周知の通り、ホッカイドウ競馬の2歳重賞戦線は、1200mの
栄冠賞を起点として、性別や距離を異にして路線が分かれていく。この
ブリーダーズゴールドジュニアカップは、世代初の中距離を舞台にした重賞である。一昨年の勝ち馬
ベルピット、昨年の勝ち馬
ブラックバトラーは、ともに後の
JBC2歳優駿で地方馬最先着を果たしており、大一番に直結する重賞として見逃せない一戦だ。
まず注目すべきは、
栄冠賞馬
ベラジオゼロの参戦だろう。デビューから負けなしの3戦3勝で世代の一番星に輝いた馬である。豊かなスピードを生かしての活躍だが、ここ2戦はそれをうまくコントロールして好位から抜け出す戦法を取っており、センスの良さも折り紙付きだ。本質的な距離適性は未知数だが、初のコーナー4つの競馬に対する不安は大きくないだろう。
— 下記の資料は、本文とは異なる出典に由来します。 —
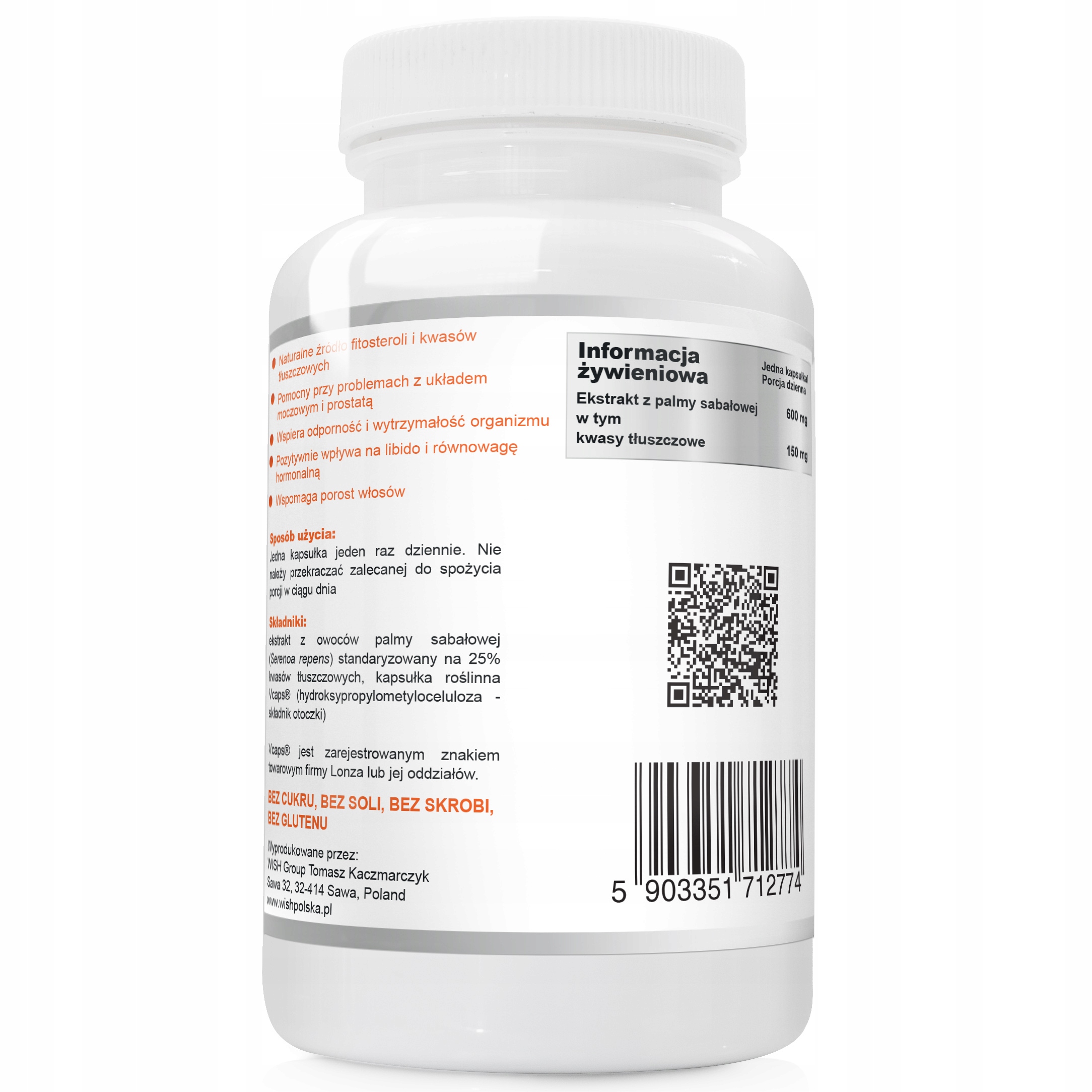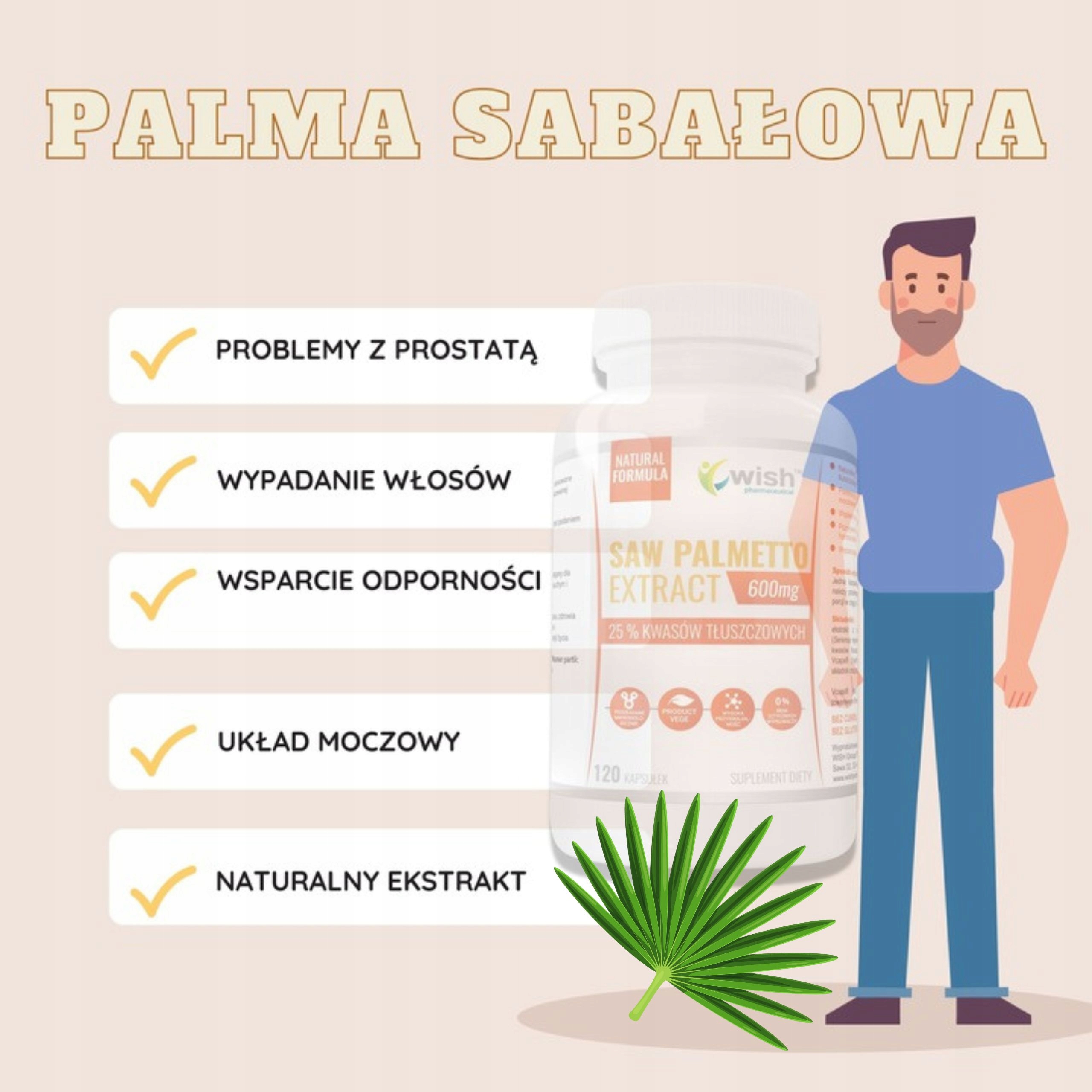 Висококонцентрований препарат, що містить екстракт пальметто, рослини, яка позитивно впливає на проблеми простати, позитивно впливає на проблему волосся втратаособливо у чоловіків. Це багате джерело жирних кислот і філостеролів, які допомагаютьзнизити рівень холестерину в крові.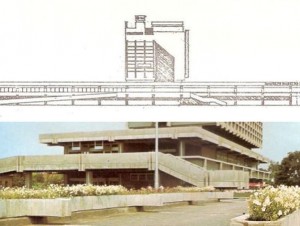 Tehát a Pelikán Hotel végéről az elmúlt hónapokban eltüntetett széles, középen pihenős, egyébként rettentő ronda betonlépcső részben ezt a passzázst szolgálta volna ki. Ahogy az SZTK felé eső oldalról elbontott autórámpa is, ami gondolom, áruszállítási és mentési céllal készülhetett. Ahogy ezt egyébként egy 1969-ben megjelent terv is mutatja, ami lényegében a mai Baross utca felől ábrázolja a Pelikánt és a soha el nem készült passzázst (lásd. a rajzot).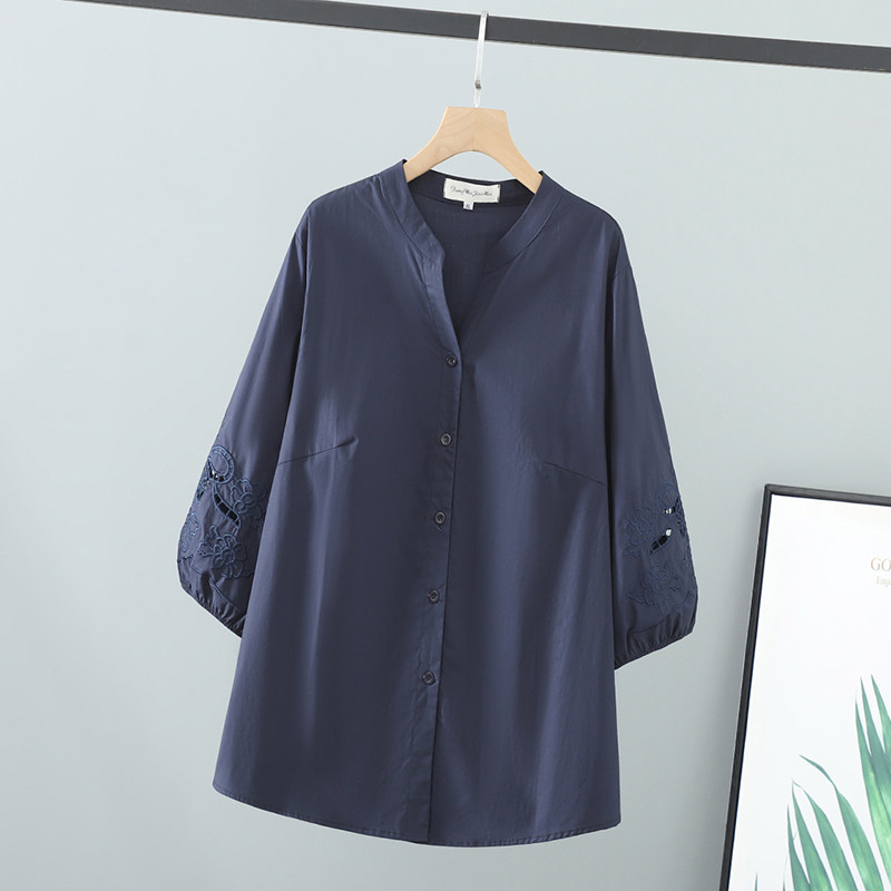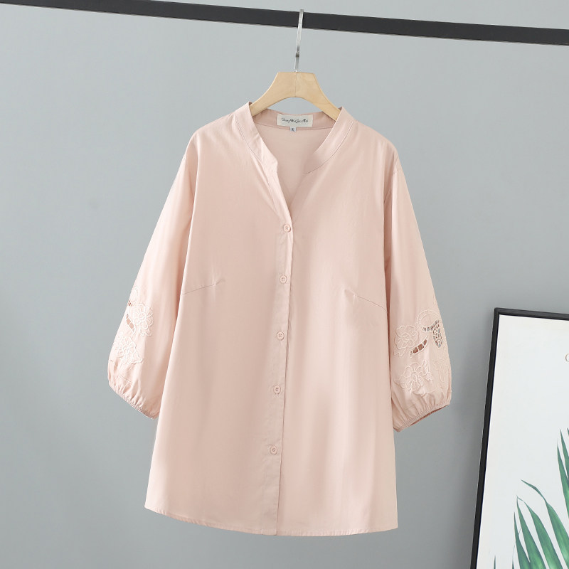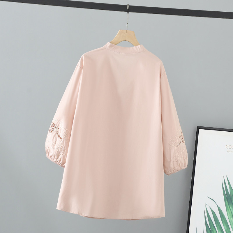 女装 炸街遮肉七分袖 胖mm夏装 女重工刺绣镂空大码 上衣 衬衫 2026新款

ただ、やはり2歳中距離戦においては、「経験値」が重要な
ファクターである。既に中距離戦で高レベルの走りを実証しているという点で、
川島洋人厩舎の2頭、
リコースパローと
ソルジャーフィルドには大きなアドバンテージがある。
この2頭のポテンシャルは、いずれも間違いなく重賞級。甲乙はつけがたいが、使うレースを絞って重賞を狙い撃つローテの前者と、キャリアを積ませながら馬を鍛えてきた後者には、先ほどの単なる「距離経験」とはまた違う「実戦経験」の差がある。馬の後ろで砂を被った上で抜け出してきた経験や、スローペースとミドルペースの性質の異なる1700m戦に対応した経験が、
ソルジャーフィルドの強みであるわけだ。
また、前走の1分49秒9という走破タイムは、昨年のこの重賞を凌ぐもの。おそらく
リコースパローもこのタイムでは走れるだろうが、今回に限っては、総合的な経験値で
ソルジャーフィルドに分があるのではないかと見ている。
実績やタイムレベルを考えると、上記3頭が抜けた存在だ。
フークトウフェンという馬も将来性は高そうだが、今月1100mでデビューしたばかりで、大きくは狙いづらい。今回の結果次第では、この先化ける可能性があるだろう。